Joe Catholic
Et oratio eius fiat in peccatum.
Pretending Joe’s a super-Catholic guy
Is just about as silly as can be—
Too damn implausible to be a lie,
More a great scrap of imbecility.
Of course Joe likes to show his rosary.
Of course he likes to preen at morning Mass
For all the heathen media to see.
Of course the Jesuits will kiss his ass.
All flesh is, as the Bible tells us, grass—
And Joe’s scant flesh is overdue for mowing.
Still, what’s the focus of his fading sass?
The baby-killing party that he’s throwing!

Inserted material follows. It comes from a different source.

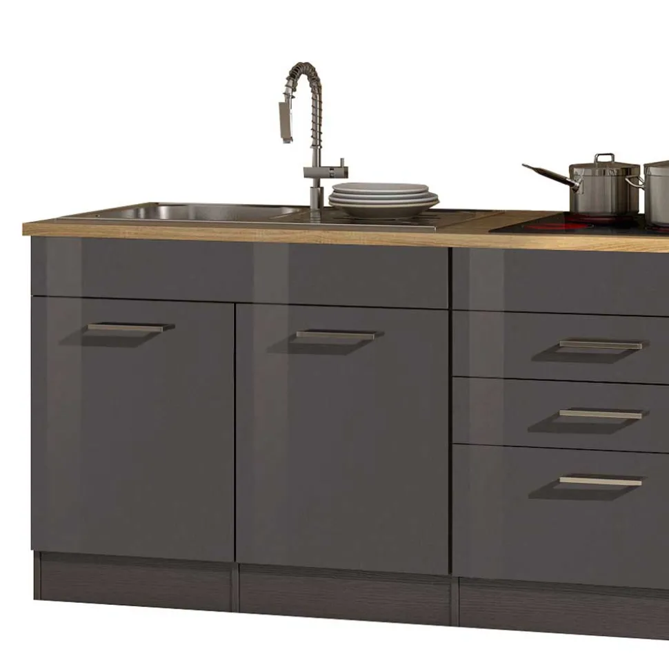 - Front grau Hochglanz foliert, Korpus grau, Arbeitsplatte in Holzoptik Sonoma Eiche melaminbeschichtet
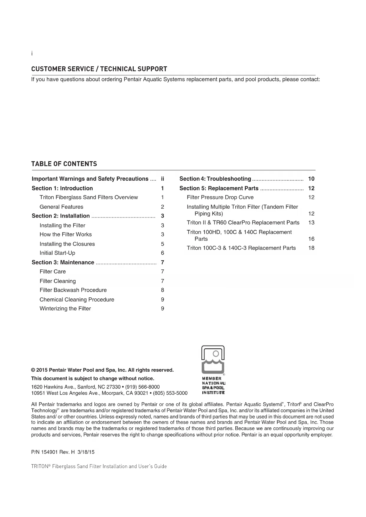 Series Fiberglass Sand Filters. Consult Pentair Water Pool and Spa, Inc. with any questions regarding this equipment. Attention Installer: This guide contains important information about the installation, operation and safe usage of this product. This information should be given to the owner and/or operator of this equipment after installation or left on or near the filter. Attention User: This manual contains important information that will help you in operating and maintaining this filter. Please retain it for future reference. Before installing this product, read and follow all warning notices and instructions which are included. Failure to follow safety warnings and instructions can result in severe injury, death, or property damage. Call (800) 831-7133 for additional free copies of these instructions. iiTRITON

His soul’s a writhing worm, his prayer a crock,
His place beneath a small infernal rock.
–Tom Riley

(N.B. The hateful form of child sacrifice now denoted by the euphemism “induced abortion” is a crime offensive to the common decency of the human race, not just to the moral theology of the Catholic Church. All men and women of good will should oppose it. Bad Touch Biden and other putative Catholics who support this abomination are especially culpable only because they have been given such a clear and rational teaching by their religious authorities and therefore cannot plead ignorance. Arguably, they are guilty of betrayal as well as of violence – and will find their appropriate place in the ninth and lowest circle of Hell. However, I couldn’t bear to grant Creepy Joe the same dignity extended to Marcus Brutus. So I shoved his invertebrate psychic ass under a rock. May it rot there! TR.)